▶ _What you need to do_: Excluding pictures, transcribe precisely the lines from the one containing "18 февраля 2021" to the final line of the listing below, inclusive, and nothing more.

** Opening Dataset section block **

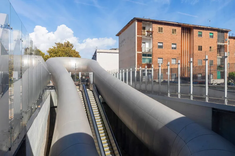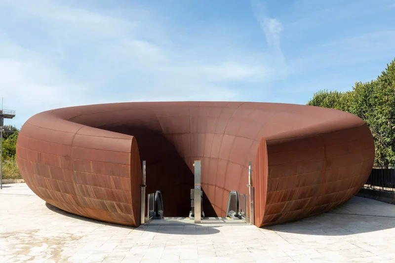 L’ingresso principale emerge dal terreno come una massa geologica viva. Realizzato in acciaio corten, il suo profilo affusolato cambia lentamente colore con l’ossidazione, evocando varchi sotterranei e richiamando suggestioni mitiche e dantesche. Sul lato Traiano, un volume tubolare, liscio e regolare, si apre come un anello metallico, leggibile e geometrico, in netto contrasto con la monumentalità dell’altro accesso.
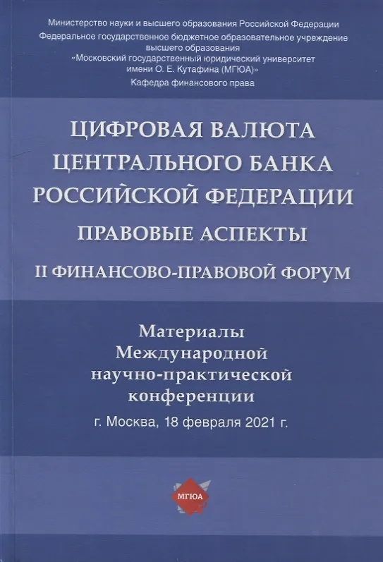 18 февраля 2021 г. в Московском государственном юридическом университете имени О. Е. Кутафина (МГЮА) под эгидой кафедры финансового права и Банка России прошел II ежегодный финансово-правовой форум «Цифровая валюта Центрального банка Российской Федерации: правовые аспекты».
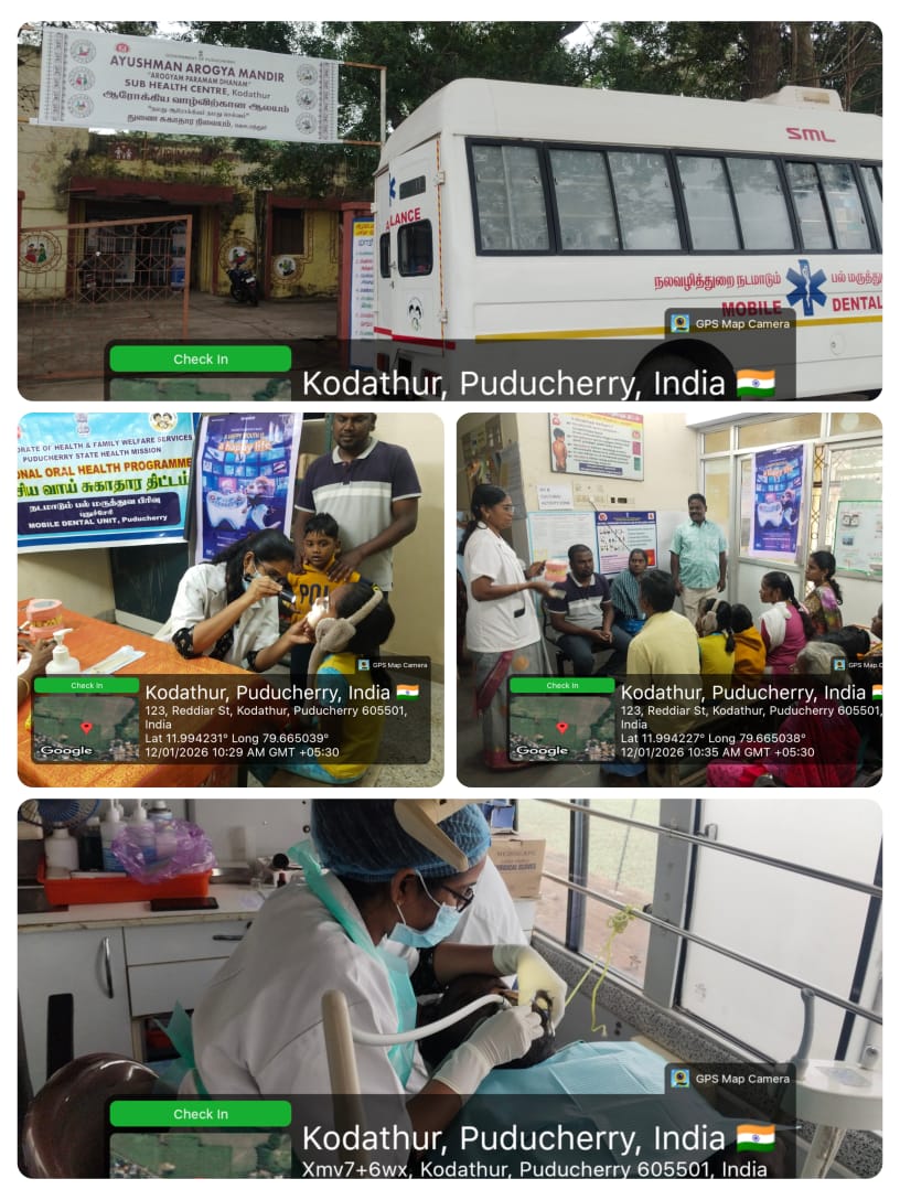 On 12/01/2026, an Oral Screening and Treatment Camp was successfully conducted at AAM – SC, Kodathur. The program aimed at improving oral health awareness among the general public including ANC mothers and wellbaby clinic. An Anti-Tobacco Awareness Program was organized to educate people on the harmful effects of tobacco use and to promote a tobacco-free lifestyle. Oral hygiene instructions were provided, emphasizing the importance of regular brushing and proper dental care practices. Brushing techniques were effectively demonstrated using dental models to ensure better understanding. The camp received a positive response, and nearly 49 beneficiaries were screened and guided for maintaining good oral health.
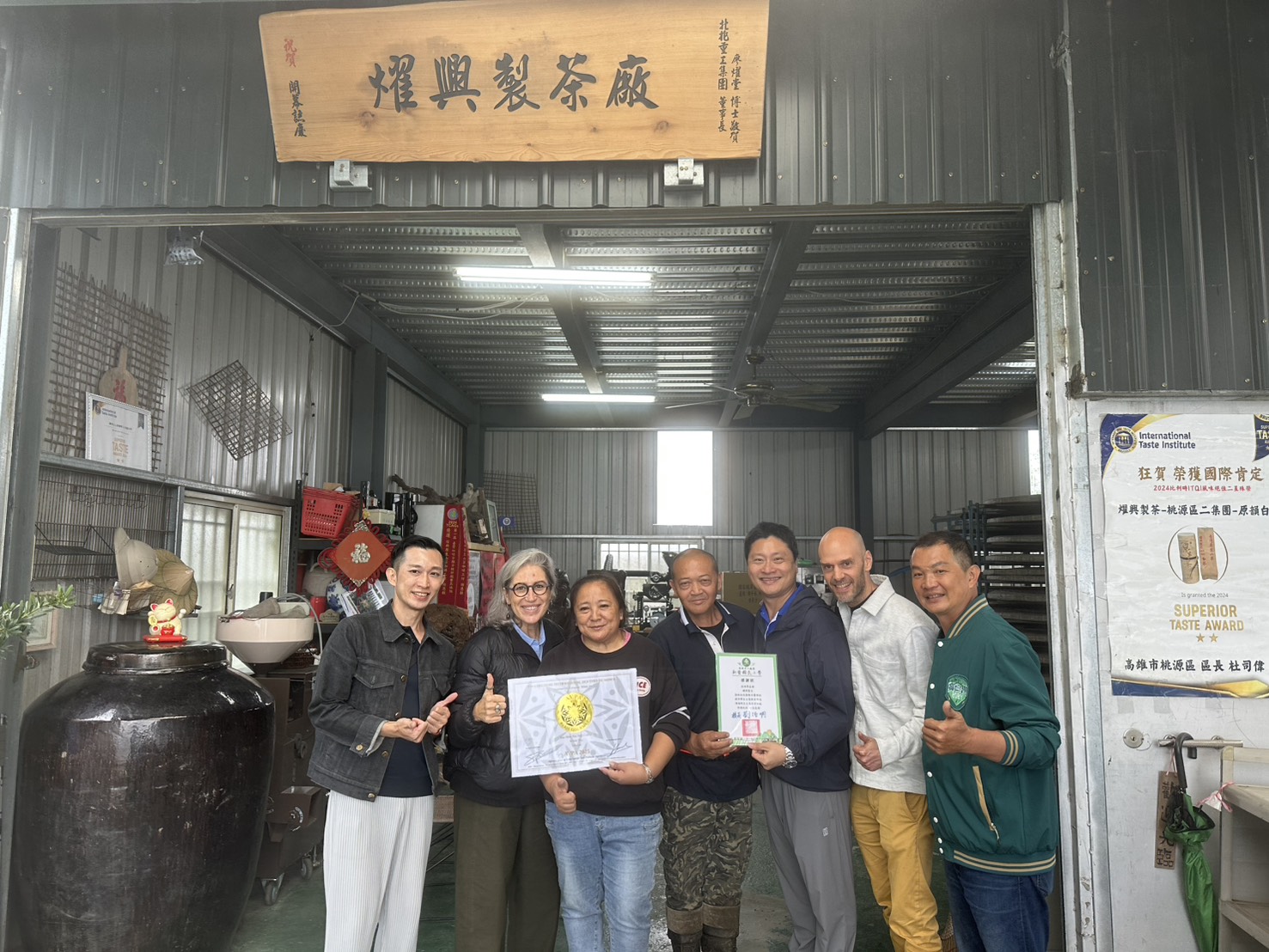 ↑圖說: 苗栗雪見高山茶製茶師張立欣(左1)帶領AVPA評審主席Carine Baudry(左2)與技術評審Florian Aumaire(右2)南下六龜實地訪查,於「燿興原生山茶咖啡工坊」合影。(圖片來源:高雄市農業局提供)

** Closing Dataset section block **

▶ _Expected answer_:
 18 февраля 2021 г. в Московском государственном юридическом университете имени О. Е. Кутафина (МГЮА) под эгидой кафедры финансового права и Банка России прошел II ежегодный финансово-правовой форум «Цифровая валюта Центрального банка Российской Федерации: правовые аспекты».
 On 12/01/2026, an Oral Screening and Treatment Camp was successfully conducted at AAM – SC, Kodathur. The program aimed at improving oral health awareness among the general public including ANC mothers and wellbaby clinic. An Anti-Tobacco Awareness Program was organized to educate people on the harmful effects of tobacco use and to promote a tobacco-free lifestyle. Oral hygiene instructions were provided, emphasizing the importance of regular brushing and proper dental care practices. Brushing techniques were effectively demonstrated using dental models to ensure better understanding. The camp received a positive response, and nearly 49 beneficiaries were screened and guided for maintaining good oral health.
 ↑圖說: 苗栗雪見高山茶製茶師張立欣(左1)帶領AVPA評審主席Carine Baudry(左2)與技術評審Florian Aumaire(右2)南下六龜實地訪查,於「燿興原生山茶咖啡工坊」合影。(圖片來源:高雄市農業局提供)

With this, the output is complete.